“赵瑞龙?”
当郭春杰说出这个名字时,整个审讯室的空气仿佛都凝固了。
坐在他对面的张明远,像是被抽干了所有力气,整个人瘫软在审讯椅上,豆大的汗珠顺着太阳穴滚落,打湿了衣领。
说出这个名字,对他来说,就像是卸下了压在心头十几年的一座大山,但同时也意味着,他彻底走上了一条不归路。

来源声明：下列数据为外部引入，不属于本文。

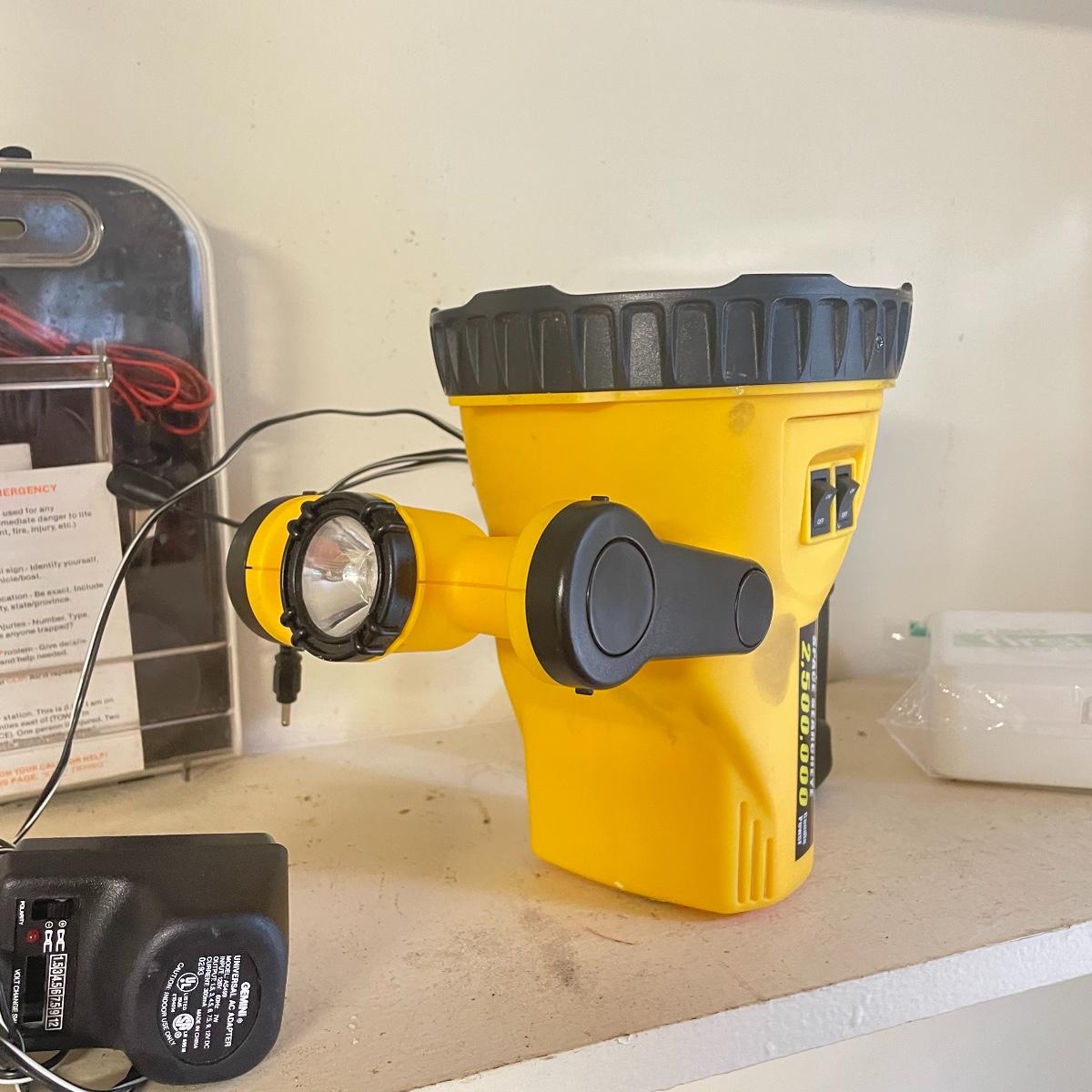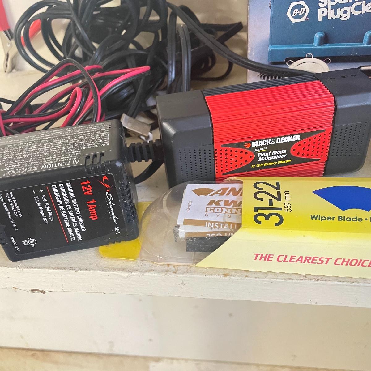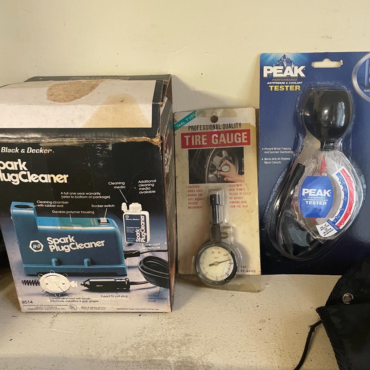 With all the cellular dead zones in WNC, be prepared with these safety items. Safety items include a GE HELP! 40 channel 2-way emergency CB radio, an unopened first aid kit (age unknown), a massive flashlight with adapter and battery capabilities from Space Searcheye. This flashlight shows when it connects to power, but the light doesn’t turn on and probably either needs to charge or needs a new battery. Lot also features a Shark Ultra hand vacuum with plenty of accessories. Hand vac needs to be connected to power outlet and turned on when tested. Other must haves are a Black+Decker 12V battery charger, windshield wipers (model# in photos), an over the seat organizer with three pockets and more! See photos for more information. Local pick up only.

他得罪的,不仅仅是陈汉杰,更是那个在汉东省,甚至在全国都能量通天的赵家!
郭春杰强压住内心的激动,他知道,审讯已经到了最关键的时刻。这一刻,他脑海中闪过林牧野临行前的叮嘱——“春杰,张明远手里的东西,比我们想象的更重要。他不仅是陈汉杰的财务总管,更是整个利益链条的见证者。你要做的,就是让他把所有藏在心底的秘密,全都吐出来。”
“赵瑞龙的公司?叫什么名字?转了多少钱?”郭春杰追问道,语气沉稳而有力。
“叫……叫山水集团。”张明远的声音细若蚊蝇,眼神里满是恐惧,“前前后后,大概转了有五千万。都是通过好几个中间账户,以投资款的名义转过去的。”
山水集团!
郭春杰的拳头,在桌子下面悄悄握紧。
果然!
和林主任推演的一模一样!
陈汉杰和赵瑞龙,早就勾结在了一起!
所谓的“岩台经验”,所谓的“增减挂钩”,根本就不是什么改革创新,而是他们联手设计的一场,瓜分国有资产和人民财富的饕餮盛宴!
陈汉杰负责在前面冲锋陷阵,利用手中的权力,强行推行政策,制造政绩。赵瑞龙则躲在幕后,利用山水集团这个白手套,将那些通过非法手段侵吞来的巨额资金洗白,然后装进自己的口袋。
而陈汉斌和张明远这样的人,就是他们在这条罪恶链条上负责执行的马前卒。
郭春杰深吸一口气,脑海中再次响起林牧野的声音——“这个案子,表面上看是陈汉杰的问题,但实际上,背后站着的是整个赵家的利益集团。我们要做的,不仅仅是扳倒陈汉杰,更要顺藤摸瓜,把赵瑞龙这条大鱼,彻底拉出水面。”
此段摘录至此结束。